Ex Parte Davis - Page 5


                  Appeal No. 2006-3204                                                               Page 5                     
                  Application No. 10/057,629                                                                                    

                  Appellant cites Hidaka,4 Nguyen5 and Salen,6 all of which teach that HMG-CoA                                  
                  reductase inhibitors such as lovastatin and pravastatin are ineffective in the                                
                  treatment of sitosterolemia.                                                                                  
                          Thus, Hidaka teaches that “[p]ravastatin had little effect in a sitosterolemic                        
                  patient on plasma levels of sterols, where cholestyramine decreased the plasma                                
                  levels of both cholesterol and cholestanol.”  Hidaka, abstract.  Salen teaches that                           
                  “[l]ovastatin, a competitive inhibitor of cholesterol biosynthesis that is widely used                        
                  in the treatment of hypercholesterolemia has been tried but has not been an                                   
                  effective treatment in sitosterolemia.”  Salen, page 952, paragraph bridging the                              
                  two columns.  Nguyen also teaches that lovastatin is “ineffective” in the treatment                           
                  in sitosterolemia.  Nguyen, page 1942, first column.  Moreover, Nguyen suggests                               
                  that differences in responses may be used diagnostically.  Specifically, Nguyen                               
                  teaches that “[t]he therapies with cholestyramine and lovastatin not only support                             
                  our contention of the fundamental abnormality in the regulation of cholesterol                                
                  biosynthesis that underlies sitosterolemia, but the response to these therapies                               
                  can also be used to detect sitosterolemia. . . .  Therefore, the failure to respond                           
                  to lovastatin and a substantial response to cholestyramine may suggest                                        
                  sitosterolemia . . . .”  Id. at page 1946, second column.                                                     
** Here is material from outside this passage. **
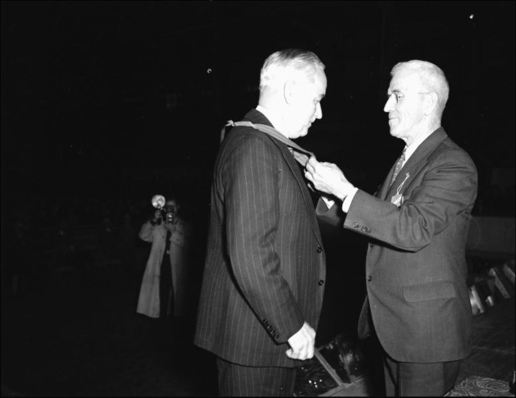 Remise des prix du Mérite agricole, 1946, Archives nationales à Québec, Fonds Ministère de la Culture et des Communications, (03Q,E6,S7,SS1,D2,P33507), Photographe non identifié.

                                                                                                                                
                  4 Hidaka et al. (Hidaka), “Effects of an HMG-CoA Reductase Inhibitor, Prevastatin, and Bile                   
                  Sequestering Resin, Cholestyramine, on Plasma Plant Sterol Levels in Hypercholesterolemic                     
                  Subjects,” Journal of Atherosclerosis and Thrombosis, Vol. 2, No. 1, pp. 60-65 (1995).                        
                  5 Nguyen et al. (Nguyen), “Regulation of cholesterol biosynthesis in sitosterolemia: effects of               
                  lovastatin, cholestyramine, and dietary sterol restriction,” Journal of Lipid Research, Vol. 32,              
                  pp. 1941-48 (1991).                                                                                           
                  6 Salen et al. (Salen), “Sitosterolemia,” Journal of Lipid Research, Vol. 33, pp. 945-55 (1992).              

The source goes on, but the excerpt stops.